To me, nothing got done that year. It was all about fear, anger, intimidation and drama. This year, I’m happy to report it feels like we are in business mode now. Especially with Yahoo morphing from a search engine into one of the world’s largest media companies. Record labels now have to play by the rules of the .dotcom generation. And it’s starting to change attitudes and forge new business models that will one day be successful.

Post-Napster demise (and resurrection), companies such as Kazaa and Morpheus created Peer 2 Peer software for the end user to install on their PC’s (Mac users can use Aquisition or Poisoned) allowing the possibility of sharing computer files across the Internet. Once installed on your machine, the software’s built-in instructions guided you to adjust preferences to point to the folder on your computer’s hard drive where you might store all of your digital files, resulting in the ability to share those files through an open TCP/IP port on your computer.

The software then acts somewhat like a window, letting people who are using P2P software on their computer peer (through an open hole, or “port”) directly into your computer and activate a request to download the song directly from your computer via the Internet. All computers use ports to communicate. Your computer has hundreds of ports. Some, like port 110 for HTML data and port 80 for POP3 Email allow packets of data to flow to and from your computer over the Internet network. (Click here to see the definition of port at About.com.) For example, Kazaa mainly uses port 1214 (but <can switch ports without you knowing it).

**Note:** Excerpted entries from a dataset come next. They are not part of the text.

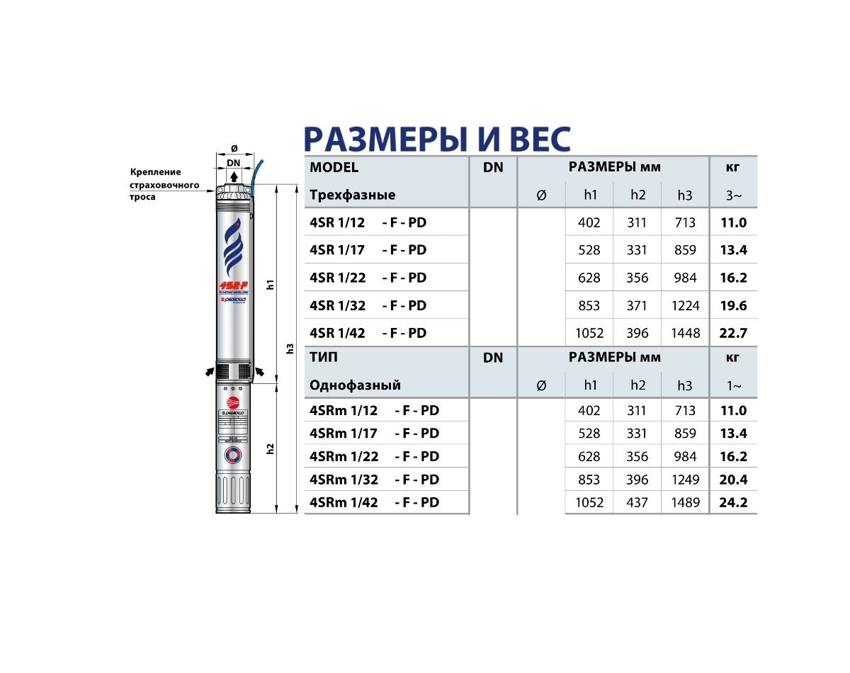 Насосы 4SR — это промышленный центробежный многоступенчатый глубинный насос, агрегатированный погружным трехфазным 400B (50 Гц) электродвигателем серии PD или PS (электродвигатель PS обладают высоким КПД). Корпус насосной части и двигателя изготовлен из нержавеющей стали AISI 304.
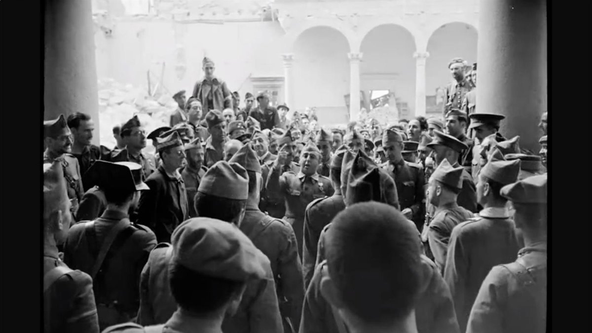 En la grabación es visible también la arenga de Francisco Franco al entrar en el baluarte, siendo reconocibles varias personas de su confianza, entre las que podemos destacar a José Millán-Astray.
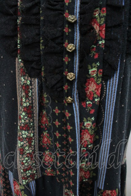 axes femme / お花ボーダードット柄チュニック M 黒 I-26-03-04-087-AX-OP-TE-ZI
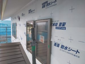 まずは、雨の進入を防ぐために透湿防水シートの施工。
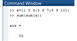 حال اگر بخواهید در یک درایه نمایش دهد یعنی کل درایه های یک ماتریس دو بعدی را جمع کرده و در یک درایه نشان دهد باید از ((sum(sum(a استفاده نمایید.

Now, digital media files could mean any file in that folder. A Word doc, an Adobe Photoshop .psd file. Whatever is in that folder is there for all the world to see, provided you have activated the P2P software program on your computer.

Many people began to use these services, post-Napster, to trade MP3 music and Windows Media or QuickTime movie files. Napster's big mis-step, which led to their demise, was providing a centralized network, or repository if you will, that matched user requests on the network with existing files on other people's computers. However, instead of allowing you to download the file directly from the host computer, Napster cached a local copy of that file on their own servers. This enabled Napster to create a huge database of music, unrivaled in the history of the music industry as we know it, which allowed anyone with a computer and Napster software the ability to activate a request to download a digital copy of the song directly from their servers for free.

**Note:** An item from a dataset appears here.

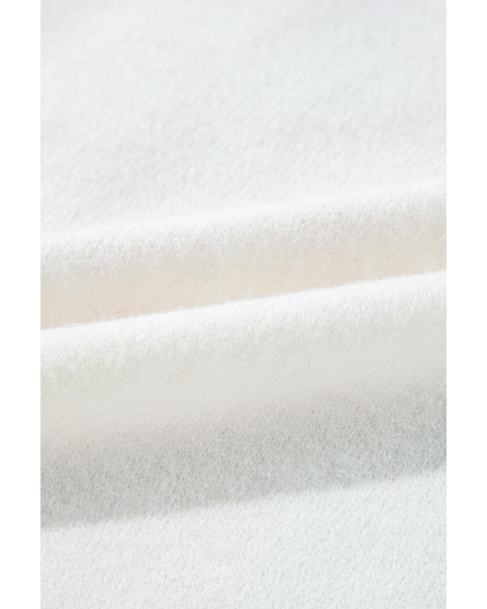 White Big Flower Pattern V Neck Drop Shoulder Sweater – M
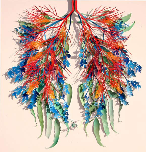 This artwork addresses the precarious and complex relationships humans experience with our natural environment and resources. It honours my deep connection to the Australian bush (having spent many years living in regional Queensland) and the healing power of the breath. The work also comments on the interconnectedness of humans to the environment, our consciousness and impact upon it. Humans are destroying the living support system for our planet through climate change — we are suffocating the very thing that we depend on for survival. I have created a respiratory system from drawings of local flora located within 10km of my home. These drawings were meticulously hand cut and colored then pinned to reference specimens found in a museum. Through the making of this work I am forced to slow down and reflect upon the importance of nature for my existence. I breathe in life and breathe out life.

This made Napster a distribution point. The company was no longer Shawn Fanning sitting in his bedroom creating a fun application to trade music files with his friends. It was now a corporation with venture capital investors taking advantage of a legal loophole to distribute music to everyone without having to purchase it from anyone. The courts finally determined this type of file sharing illegal (from a centralized database) and Napster shut down. The company was then sold by its parent BMG to Roxio, who have since sold their core business to focus on digtial music subscription and then changed their corporate name to Napster. If you can follow that, I'll give you a prize!

Kazaa and Morpheus, on the other hand, launched their software products based on the fact that they only provided the window and not a centralized database storage system from which people could download. The files are not cached on their company's servers. Users peering into each others computers activate requests to download songs directly over the network and not from cached copies in a central database.

The stakes of the game are such that, if you are sharing a new music file with someone next door, on the next street, around the block, in another city or even in another country, is that legal? Well, some would say yes, but many rightsholders argue no. When you purchase a CD or digital music file, you are only allowed by license to make a limited amount of copies for yourself and you are not allowed to distribute them for profit.

Is this enforceable, of course it isn't (even though some would point to recent court action against a few hundred who have been caught, that's just a drop in the proverbial bucket), however companies continue to develop "digital rights management solutions" to prevent unauthorized duplications (but hackers usually break the security within weeks of the release of a new solution).

But when a person allows hundreds, if not thousands of downloads of the same song from his or her computer for free, then the argument is that the person is committing and act of music piracy which negatively affects sales. The label doesn't get paid, the artist doesn't get paid, people lose their jobs and it hurts the larger economy in general.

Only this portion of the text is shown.